He grinned. ‘Begob, I’ve been mistaken, haven’t I? Instead of a grizzled mien and silvered hair, yonder grower of titanic tubers is a young buck, is he not?’
The grin vanished. ‘Is that not a bit of a risk? You might be able to take the legs out from under an old bloke with a swing of the shovel, but if a sturdy young stud leapt on you now …’
‘You’re young,’ said April. ‘You haven’t leapt on me.’
Oran drew himself up, touched his hand to his chest. ‘I’m spoken for,’ he said. ‘I’m not at liberty to leap.’
April filled the apple box she’d brought back from the village fair. Handed it to Oran.
‘I’m in no danger. But thank you for your concern.’
‘What’s his name?’ said Oran. ‘Do I know him?’
‘Jack,’ said April, after a moment’s hesitation. ‘And no, you don’t.’
‘You’re sweet on him, though? There’s billing and cooing in the air?’
April walked to her front door, held it open.
‘I’m not at liberty to bill and coo.’
The comfortingly homey aroma of baked fruit rose out of the apple box, as Oran lingered in the doorway. Something else was on his mind.
‘Spit it out,’ April said again, wearily, leaning her head against the edge of the door.
‘Just that — if I were not spoken for—’ Oran’s gaze flitted up and down ‘—I’d, well, I’d not leap exactly, as that would be un-gentlemanlike, but, hmm …’
There were bright pink spots on his cheeks. They clashed, April noted, with his hair, but almost certainly matched the blush that had once more lit up her own face. Even if she’d been able to think of something to say, the power of speech had deserted her.
Oran cleared his throat. ‘I’ll be away then.’ He lifted the box in a quick salute. ‘Thank you for—’
And he was off.

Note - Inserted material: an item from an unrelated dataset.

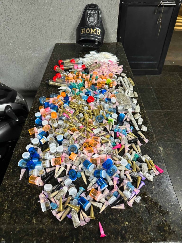 Na abordagem foram encontradas quase 900 embalagens contendo substâncias entorpecentes, além de R$ 49 em dinheiro. O suspeito e o material foram encaminhados ao 1º Distrito Policial (Avenida Monteiro Lobato, 244 – Centro), onde a perícia confirmou que a bolsa continha 437 embalagens de cocaína e 450 de maconha, totalizando 1,4 kg de drogas.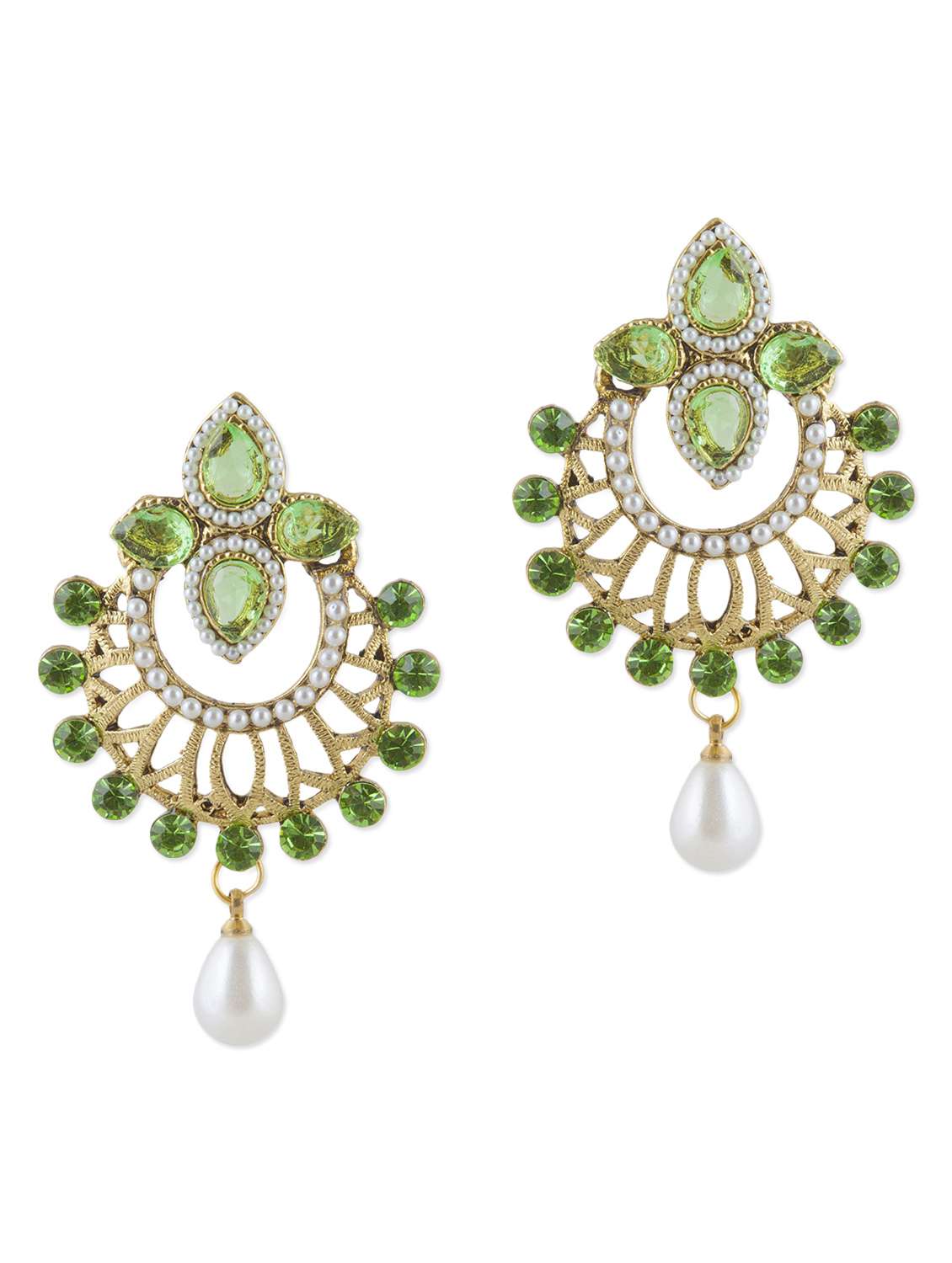 #2 green stone embellished polki drop earrings & similar products...

April watched him go until she regained enough presence of mind to shut the door.
‘This is your handiwork?’
Sunny took the jam, kissed April hello.
‘I was forced into it,’ said April, ‘by a gooseberry glut.’
‘Well, I’m very pleased to have it,’ said Sunny, as they walked down to the kitchen. ‘I’d intended to make some with my elderflowers during the week, but the WI insisted on holding a bake sale yesterday to raise money for research into the decline of honeybees. I made three hundred bee-shaped iced biscuits for it and, quite frankly, if I never see another piping bag as long as I live, it will be too soon.’
April repressed an urge to ask Sunny whether anyone in her past had ever likened her to a bee. It was hard to anticipate which questions Sunny would answer readily and which would provoke her.
Edward was lounging in the courtyard, feet up on a spare chair, straw hat over his face. Fatso was not under the maple tree skinning rabbits but curled up inside the empty stone birdbath, filling the whole thing, which made him look like an over-size version of the kind of puff ladies with boudoirs once used to apply face powder.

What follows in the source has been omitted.